The Offence of Embezzlement in Germany
The object of an embezzlement offence is another person’s movable property, i.e. it must not be the sole property of the offender. In order to determine whether embezzlement has really taken place, it is, therefore, necessary to clarify the ownership of the object concerned at the time of the act. The determination may cause difficulties under certain circumstances so that the assistance of a lawyer is recommended.
The offence of embezzlement is an unlawful appropriation of another’s movable property. An act of misappropriation in this sense occurs when the offender performs an act in which their intention to misappropriate is objectively manifested. This means that the perpetrator’s act indicates the will to displace the owner from their position (expropriation) and to annex the thing or its value at least temporarily to the offender’s own property or that of a third party (appropriation). This is usually done by establishing possession or custody.
However, the appropriation is not unlawful if there is a due and undisputed claim to transfer of the thing. Even in the case of a legal right to realise the thing – e.g. from § 1228 BGB or § 371 paras. 1 p. 1 HGB (commercial right of retention) – unlawfulness is ruled out. Of course, it is also not a case of misappropriation if the owner or the person entitled to dispose of the property acts with his or her consent. This is usually the case when goods are sold to a reseller under retention of title.
Negligent action is also not punishable. In this case, however, there may be civil law claims against the person acting, such as the owner’s claim for restitution under § 985 German Civil Code (BGB).
Embezzlement by way of misappropriation, § 146 (2) StGB
Embezzlement by way of misappropriation is somewhat more serious than simple embezzlement and is therefore also punishable by a higher penalty. It is a qualification, as the offender embezzles a thing entrusted to them. In this context, a thing is entrusted to a person if they have been granted dominion over the thing with the obligation to return it or to use it for a certain purpose in the sense of the entrusting person (BGH, judgment of 13.3.1956 – 2 StR 70/56; judgement of 17.10.1961 – 1 StR 382/61).
For example, a thing is entrusted to someone if it is borrowed, rented or leased. Items given into safekeeping or purchased under reservation of title are also to be included. It should be noted here that a thing may also be entrusted if it is handed over for a prohibited or immoral purpose.

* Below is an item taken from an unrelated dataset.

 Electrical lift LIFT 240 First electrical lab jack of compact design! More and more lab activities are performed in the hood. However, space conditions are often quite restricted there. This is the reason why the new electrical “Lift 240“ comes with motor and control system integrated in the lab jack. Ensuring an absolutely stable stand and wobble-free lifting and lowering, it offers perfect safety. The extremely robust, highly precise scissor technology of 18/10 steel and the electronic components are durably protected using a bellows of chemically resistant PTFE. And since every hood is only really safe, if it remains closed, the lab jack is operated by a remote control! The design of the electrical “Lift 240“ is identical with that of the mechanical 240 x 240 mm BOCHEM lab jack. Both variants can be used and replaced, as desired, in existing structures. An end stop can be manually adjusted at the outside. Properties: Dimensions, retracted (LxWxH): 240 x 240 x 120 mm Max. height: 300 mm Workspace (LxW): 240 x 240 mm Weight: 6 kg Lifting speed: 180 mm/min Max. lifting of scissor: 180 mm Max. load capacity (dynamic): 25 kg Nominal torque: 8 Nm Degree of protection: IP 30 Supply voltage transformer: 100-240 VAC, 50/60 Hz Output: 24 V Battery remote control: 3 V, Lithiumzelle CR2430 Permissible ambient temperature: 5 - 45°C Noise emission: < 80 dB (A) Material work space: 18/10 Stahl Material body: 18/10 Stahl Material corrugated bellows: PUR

Embezzlement and Other Property Offences
Embezzlement is one of the property offences, as are, in particular, theft (§ 242 StGB) and fraud (§ 263 StGB). However, embezzlement is a catch-all offence that is subsidiary to other offences. This means that it only applies if other provisions, such as theft, robbery or embezzlement, do not make the offence punishable by a more severe penalty (cf. § 246 (1), last half-sentence, StGB).
According to § 242 StGB, theft is committed by anyone who takes another person’s movable property with the intention of unlawfully appropriating it for himself or herself or for a third person. In the case of theft, therefore, unlike embezzlement, a removal takes place, i.e. the custody of another person must be broken and one’s own custody must be established.

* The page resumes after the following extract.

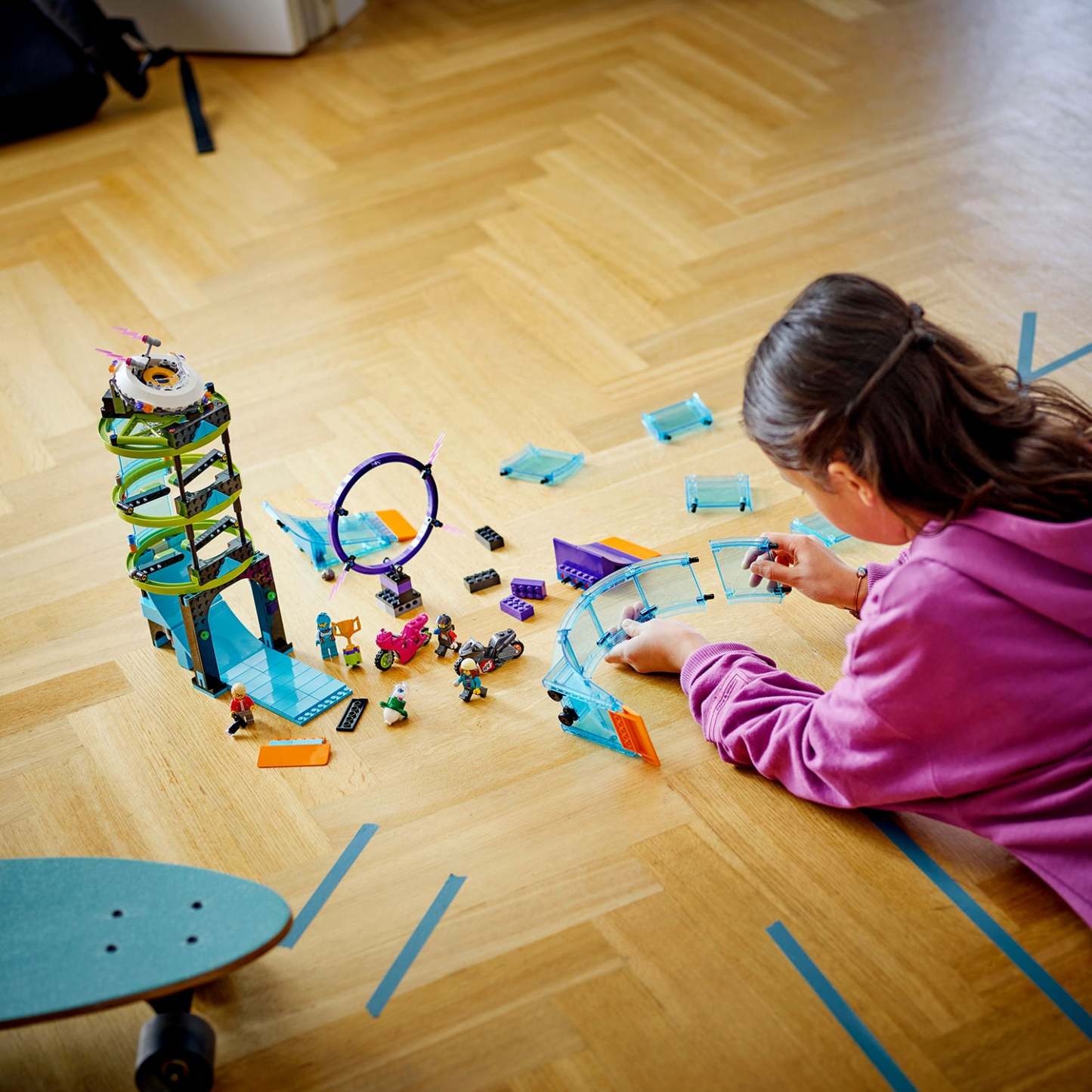 - Triple challenge toy stunt course for kids aged 7+ – Set the scene for fun displays and contests with the LEGO® City Ultimate Stunt Riders Challenge (60361) for both independent and group play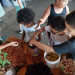 Os alunos tiveram noções sobre a compostagem através de um método bem simples que é o vaso compositor. Eles aprenderam como confeccionar os vasos, que materiais precisam ser utilizados e como mantê-los para obter um produto viável que poderá ser usado em vasos de flores e até em hortas, nas suas casas, na escola e instituições.

The difference is illustrated in particular by the example of misappropriation of found property. If someone finds a lost object and keeps it, this is misappropriation. However, in this case no theft is committed. The lost property was already de facto ownerless, so that it was not taken away. In addition, embezzlement occurs, for example, if a loan is intentionally not returned to the borrower. In this case, too, it is not a case of theft because it has not been taken away.
Prosecution and Sentencing of Embezzlement in Germany
Standard embezzlement in Germany is punishable by imprisonment of up to three years or a fine. If it is a case of embezzlement, i.e. if the embezzled property was entrusted to the perpetrator, a custodial sentence of up to five years or a fine can be imposed. The specific penalty is largely determined by the circumstances of the individual case. In particular, the value of the misappropriated property, previous convictions and any restitution are considered.
In order to keep the penalty as low as possible, an experienced criminal defence lawyer should be consulted as early as possible. In particular, your defence lawyer can avoid an entry in the criminal record. Such an entry is only made in the case of a custodial sentence of three months or more and a fine of more than 90 daily rates.
In principle, embezzlement is a so-called official offence. This means that an offence is prosecuted ex officio. However, a criminal complaint is required for prosecution if the embezzlement is committed against a relative, guardian or custodian or if the injured party and the offender live together in a domestic community (§ 247 StGB). Embezzlement of low-value property also requires a criminal complaint (§ 248a StGB). The value limit is between 25 and 50 euros.
Furthermore, it should be noted that criminal proceedings are inadmissible if the offence is time-barred. The statute of limitations for simple embezzlement is three years (§ 78, para. 3, no. 5 StGB) and the statute of limitations for misappropriation is five years (§ 78, para. 3, no. 4 StGB).